Saturday, May 31, 2008

Book Review: The Host

The Host
Stephenie Meyer

***Contains Spoilers***

The Host is an interesting idea. It follows Earth as it has been invaded by parasitic aliens called "souls." These souls are implanted at the back of a human host's neck, where it then takes over the body and memories of the person. There have been plenty of alien invasion movies and novels with this premise, but this time around, it's from the point-of-view of one of the parasitic aliens called Wanderer, as she fights to gain control from a strong host whose consciousness won't go away, one of the last rebel humans Melanie. Wanderer is nervous that Melanie won't go away and talks to her, berating her constantly, the two of them wishing nothing more than for the other's disappearance. A "seeker," as the police of the parasitic aliens are called, wishes for Wanderer to delve into Melanie's memories and ferret out the location of the rest of the human rebel forces, something which Melanie has no intention of letting Wanderer do, instead forcing memories of her life with her love Jared and her younger brother Jamie upon her. As the memories continue, Wanderer finds herself falling for this human family and searches for them, suddenly on Melanie's side, trying to keep the humans' location from the seeker.

This book is amazing. I've read Stephenie Meyer's insanely popular teen vampire romances, Twilight, New Moon and Eclipse, and while they are entertaining, they don't hold a flame to Meyer's first foray into adult science fiction. Science fiction and romance are seamlessly blended in a suspenseful, thought-provoking novel. One of my favorite scenes is of Wanderer arguing with someone about the differences between herself and the body she wears:

Ian: "But, pretty as she is, she's a stranger to me. She's not the one about."

Wanderer: "Ian, you don't...Nobody here separates us the way they should. Not you, not Jamie, not Jeb. You couldn't care about me. If you could hold me in your hand, me, you would be disgusted. You would throw me to the ground and grind me under your foot."

Ian: "I...not if I knew it was you."

Wanderer: "How would you know? You couldn't tell us apart. It's just the body."

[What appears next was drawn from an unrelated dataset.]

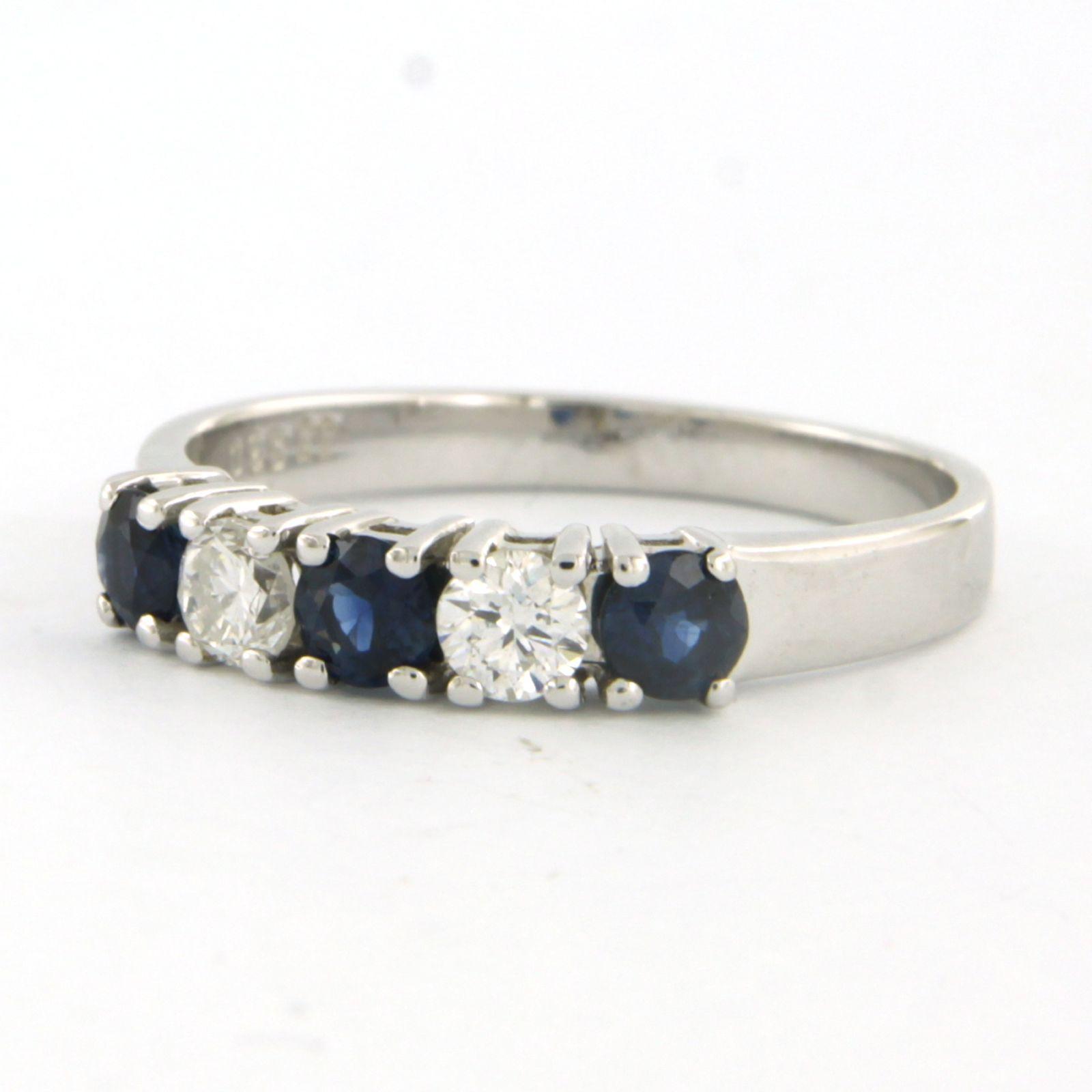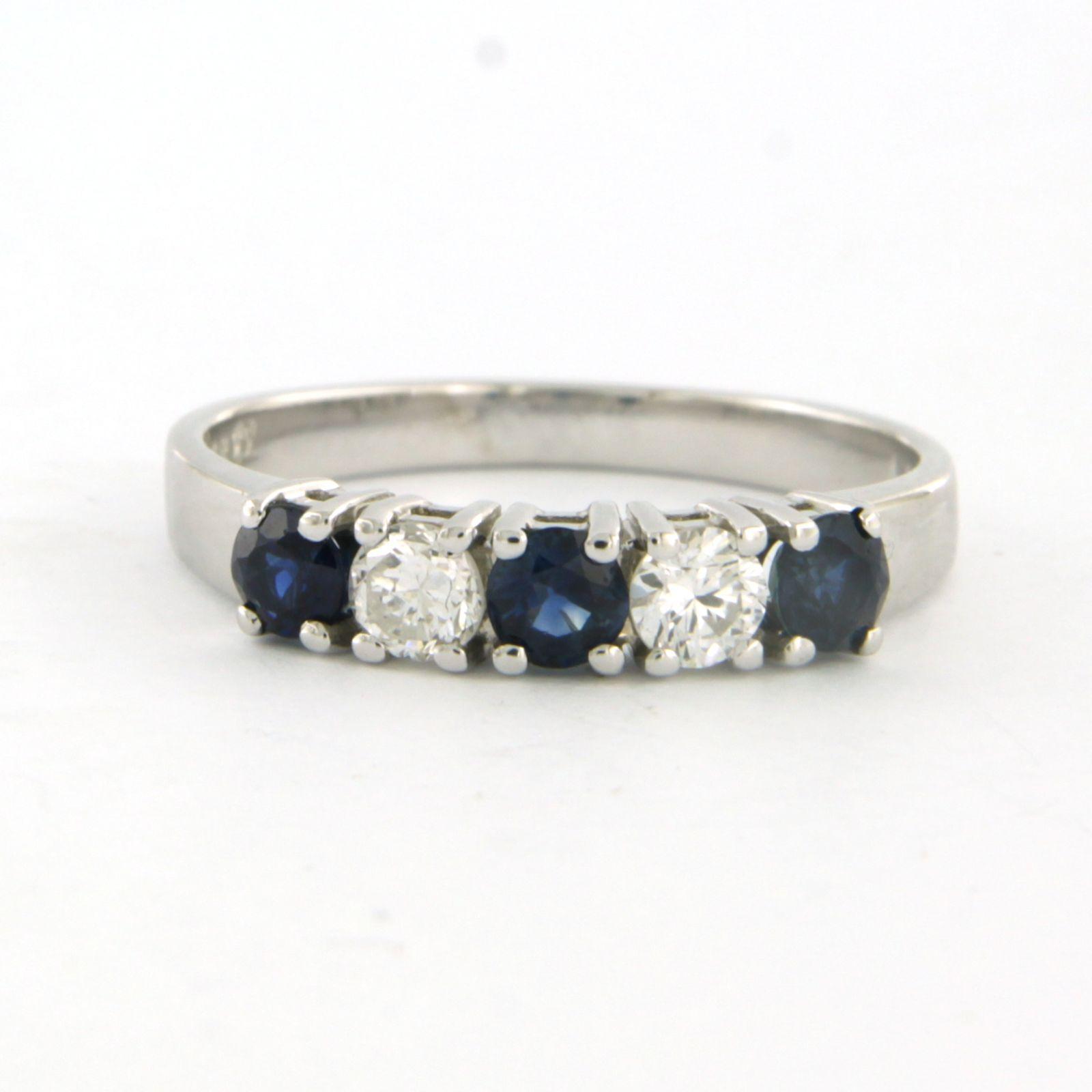 18 Kt. witgouden ring bezet met saffier en briljant geslepen diamant tot. 0.33ct - ringmaat 17.25(54)
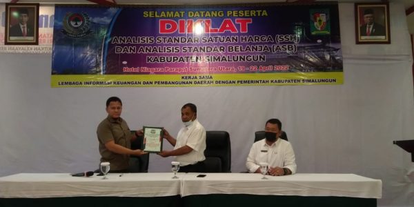 Menindaklanjuti Surat Permintaan Fasilitasi Kegiatan Diklat Analisis Standar Satuan Harga Dan Analisis Standar Belanja Badan Kepegawaian,Pendidikan dan Pelatihan Daerah Kabupaten Simalungun Dengan No Surat 800/701/27.4/2022 Pematang Raya,01 April 2022 Hal Ini Lembaga Informasi Keuangan dan Pembangunan Daerah Mengucapkan Terima kasih Sebesar – besarnya khususnya kepada Kepala Badan Kepegawaian,Pendidikan dan Pelatihan Daerah Kabupaten Simalungun telah Menunjuk kami Lembaga Informasi Keuangan dan Pembangunan Daerah sebagai Fasilitator dalam Diklat Analisis Standar Satuan Harga Dan Analisis Standar Belanja

Ian: "That's not true at all. It's not the face, but the expressions on it. It's not the voice, but what you say. It's not how you look in that body, but the things you do with it. You are beautiful. I've never known anyone like you."

Wanderer: "Ian, what if I'd come here in Magnolia's body?"

Ian: "Okay. That's a good question. I don't know."

As Wanderer gains the trust of the human rebels, she notices the difference between the love her body feels for Melanie's love, Jared, and her own love for the human Ian. It's an interesting idea. There are plenty of those here. And it's wonderful to see the relationships grow organically as the novel moves along. I know it's a cliche to say this, but it was hard to put this book down. It's utterly compelling and I highly recommend it.